# The oldest hots keeper in the UK



## venomsearch (Apr 24, 2014)

hi guys and gals i`m new to the site but i was wondering if anyone knows who is the oldest hots keeper in the united kingdom. The reason for the question is that i am starting a paper on keeping venomous reptiles and the first chapter is on age thus the question so any help is much appreciated.

Thank you:2thumb:


----------



## GT2540 (Jan 31, 2012)

45 if that helps


----------



## murinus21 (Mar 6, 2014)

*re*

goto be pdr lol or mark


----------



## Tim Hallam (Aug 17, 2010)

I don't see what age has to do with anything but there are plenty of old rockers out there


----------



## Herptileeditor (Sep 9, 2012)

*Ageism!!!*

Hi guys & Girls. As Tim Hallam says age has NOTHING to do with anything. It's surely down to the time spent in the 'hobby' and experience gained - progressing through the 'stages' of reptile husbandry until ultimately keeping venomous.

For the record, I am now 65!!!!!!!!!!!!!!!!!!!

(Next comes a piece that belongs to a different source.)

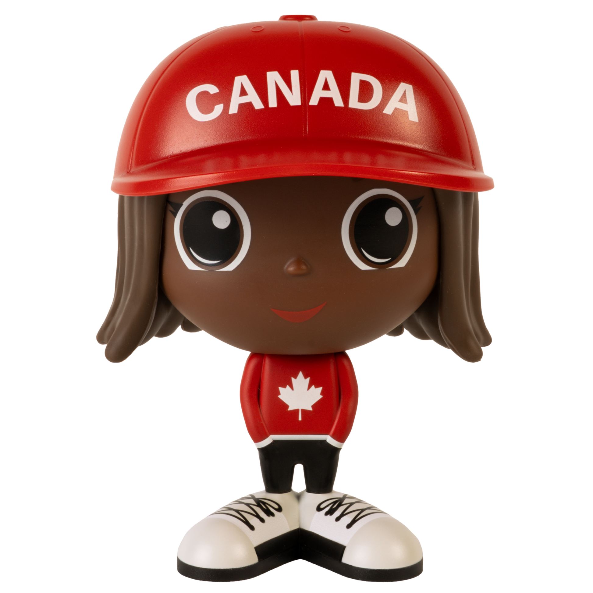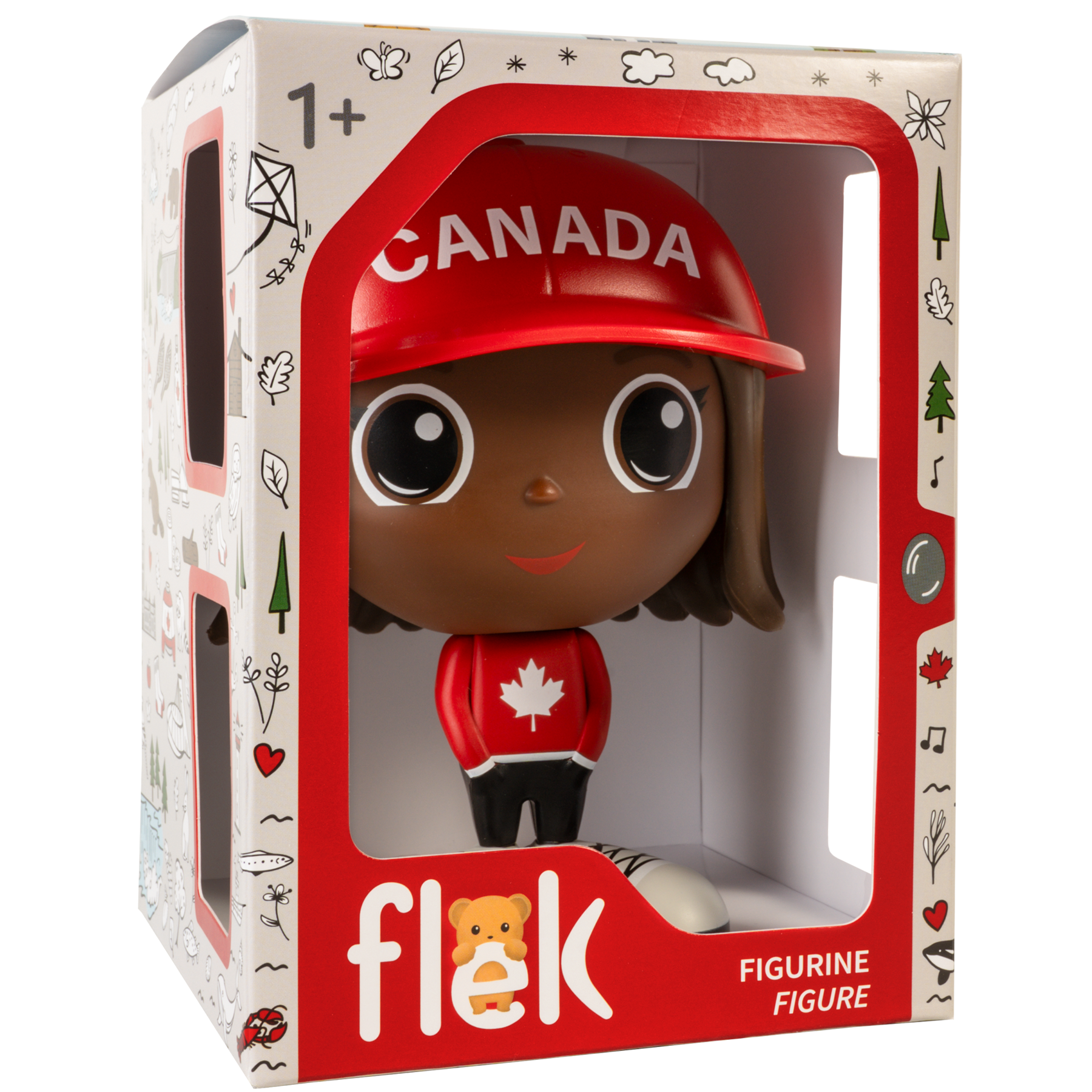 Chaque figurine Flek du Canada porte fièrement les couleurs du pays: un chandail rouge orné d’une feuille d’érable blanche, un pantalon noir et une casquette rouge marquée CANADA à l’avant et d’une feuille d’érable à l’arrière.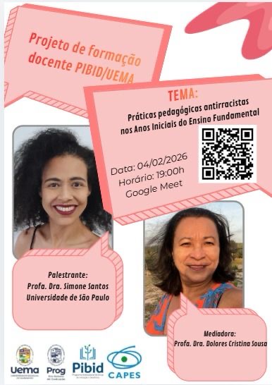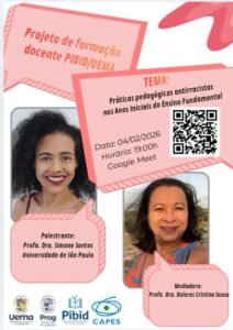 A palestra, promovida pelo Subprojeto de Pedagogia – CECEN, será realizada por meio do Google Meet e tem como objetivo promover reflexões sobre como o racismo se manifesta no contexto escolar, bem como discutir estratégias para o seu enfrentamento. Durante o encontro, serão apresentadas práticas pedagógicas antirracistas voltadas aos Anos Iniciais, com ênfase no cumprimento das Leis nº 10.639/03 e nº 11.640/08, abordando a afrobetização (alfabetização histórica ou étnico-racial), além do uso de livros, jogos, brincadeiras e outros recursos pedagógicos.

Does this mean I get a medal:whistling2::whistling2:


----------



## SiUK (Feb 15, 2007)

I wonder who the youngest is. I was first licensed when I was 20.


----------



## PDR (Nov 27, 2008)

murinus21 said:


> goto be pdr lol or mark


I might have been keeping snakes since I was 6 years of age..... but I'm still NOT old thank you very much mg::mrgreen:


----------



## Chris Newman (Apr 23, 2007)

PDR said:


> I might have been keeping snakes since I was 6 years of age..... but I'm still NOT old thank you very much mg::mrgreen:


Yes you are....!!


----------



## projectalf (Mar 28, 2014)

Billy that had Kearsley tropical must be up there


----------



## KDale (Jan 26, 2014)

SiUK said:


> I wonder who the youngest is. I was first licensed when I was 20.


what’s the youngest your aloud to start the process


----------



## Tim Hallam (Aug 17, 2010)

you need to be 18 to hold a Licence to keep animals controlled under the Dangerous wild animals act, so legally that's the youngest. but there are some competent youngsters out there I'm sure .


----------